18+
реклама
18+
Бургер менюБургер меню

Константин Градов – Дон (страница 1)

18

Штурмовик. Дон.

Глава 1

«Тыловой»

Шестого мая, к обеду, Прокопенко закончил перебирать у семёрки правую стойку шасси.

Я подошёл, когда он уже укладывал ключи в ящик и не торопился, как всегда. Ящик стоял у него под коленом, инструмент он отбирал по одному, обтирал тряпкой и клал в свои гнёзда. Тряпка была серая, с тёмными разводами по краю, и пахла маслом так, как пахнет за неделю работы без перерыва. День был сухой, и под колёсами семёрки грунт был жёсткий, не зимний. Тень от крыла лежала на земле длинная, ровная, и я остановился внутри этой тени, чтобы не светило в глаза.

— Андрей Николаевич смотрел? — спросил я.

— С утра, — отозвался Прокопенко, не выпрямляясь и продолжая прятать ключи. — Сказал, поставлю шток — пусть гоняет на земле сколько хочет. До конца недели на воздух не выпустит.

— А ты что, ставишь?

— А я ставлю, — Прокопенко снова склонился к ящику, и я постоял молча. Левая стойка стояла как стояла, правая теперь блестела свежей смазкой по тяге, и видно было, где он подгонял. У торца тяги осталась светлая полоска — там, где металл подтачивал напильником, чтобы лёг как надо. Зимой он бы это делать не стал. Зимой шток шёл в смазке, а под смазкой — иней с прошлого вылета, и работать с напильником у тебя на голых пальцах не получалось при минус двадцати. Теперь работалось. Прокопенко не торопил руки и не торопил время. Он раскладывал инструмент по гнёздам так, словно у него этих гнёзд и этих ключей будет ещё много лет вперёд, и каждый ключ должен лежать на своём месте. У меня было ощущение, что он чувствует это «много лет вперёд» лучше, чем я, и держит за нас обоих.

Я снял рукавицу, которую держал в руке без надобности, и положил ладонь на крыло.

Металл был тёплый.

Не от меня.
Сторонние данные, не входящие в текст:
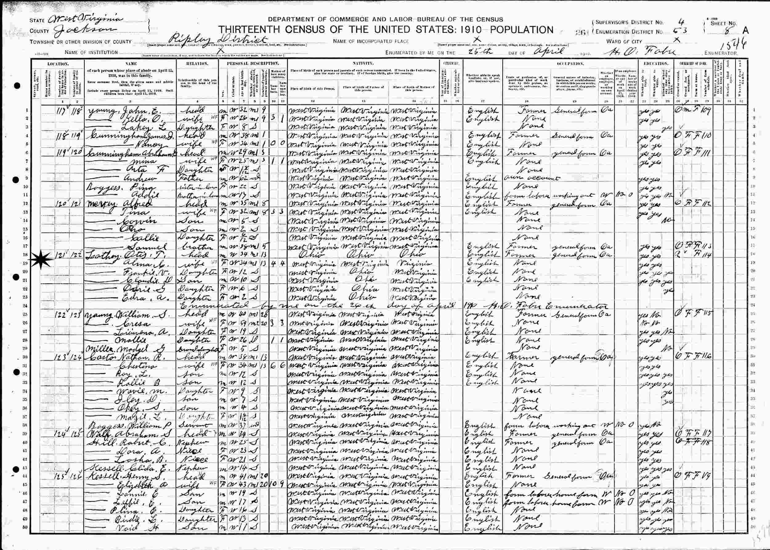 April 3, 1930 - Supervisor's District 27, Enumeration District 53-4, Lebanon Township, Meigs County, Ohio.
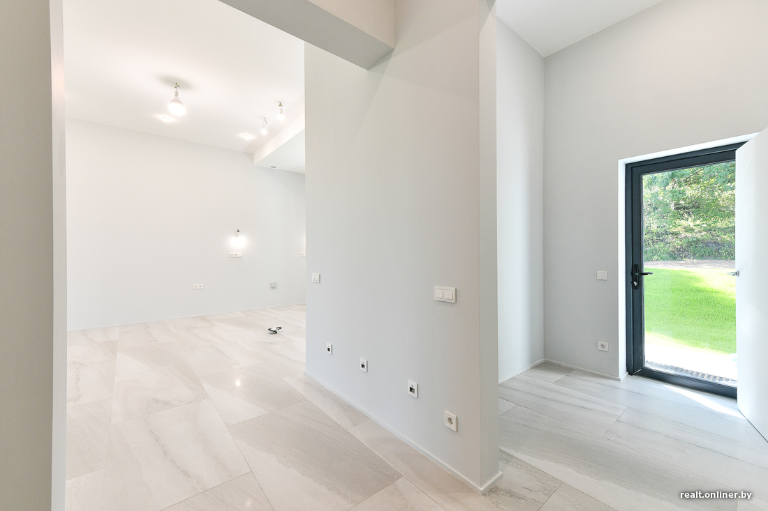 Еще недавно на такие дома мы могли с удивлением смотреть разве что в фильмах и глянцевых журналах: один этаж, плоская кровля, огромные окна. Кто ж так строит? У нас принято сажать на участок «квадрат» со скатной крышей и «бойницами» (теплопотери же!). Но благо времена меняются и вперед шагает не только производство стройматериалов, но и архитектурная мысль. Которую с радостью подхватывают современные белорусы. Теперь во многих коттеджных поселках можно найти аккуратные постройки, в которых нет ничего лишнего — не то что резной колонны или декоративного наличника, а даже «приличной» лестницы, ведущей к входной двери. Посмотрим на один из таких домов изнутри. Это проект «Только в добрые руки», в котором мы знакомим продавцов дач и коттеджей с потенциальными покупателями. Если вы также хотите, чтобы о вашей загородной недвижимости узнали все — пишите на ok@onliner.by (все расскажем и покажем абсолютно бесплатно, главное, чтобы объект был интересным).

От солнца, которое к обеду набрало силу и грело покрашенный верх крыла так, что под рукой держалось спокойное тепло, без всякого холода снизу. То самое тепло, которое перед маем под Старицей я держал в темноте, ночью, у крыла, а теперь оно было днём, и было его много, и оно было общим. Полоса лежала под ветром, и ветер шёл с юго-запада, тёплый. Где-то у леса заводился ЗиС, потом захлебнулся и ровно загремел. По дальнему краю аэродрома два бойца с лопатами утаптывали отвал.

— Григорий Тихонович, — позвал я, — колёса у семёрки как?

Прокопенко не торопясь распрямился, отёр ладонь о голенище.

— Колёса как колёса. Резина старая, но до лета доходит, — он сощурился на правое колесо, словно оно могло возразить. — К новой машине новые ставить будем. До тех пор так.

— До какой такой новой? — спросил я, понимая, что услышу.

— Какие пришлют, такие и поставим, — Прокопенко переложил последний ключ в гнездо и захлопнул крышку ящика.

Это было всё, что он мог сказать. Слухи про новые машины ходили по полку с конца зимы: с задней кабиной, со стрелком, с пулемётом сверху. Слухи росли и тонули. Прокопенко в слухах не участвовал. Прокопенко делал то, что лежало под рукой, и оставался при том, что лежало под рукой. Это была его манера, и она у меня держалась с лета сорок первого как одна из самых надёжных вещей в этом мире.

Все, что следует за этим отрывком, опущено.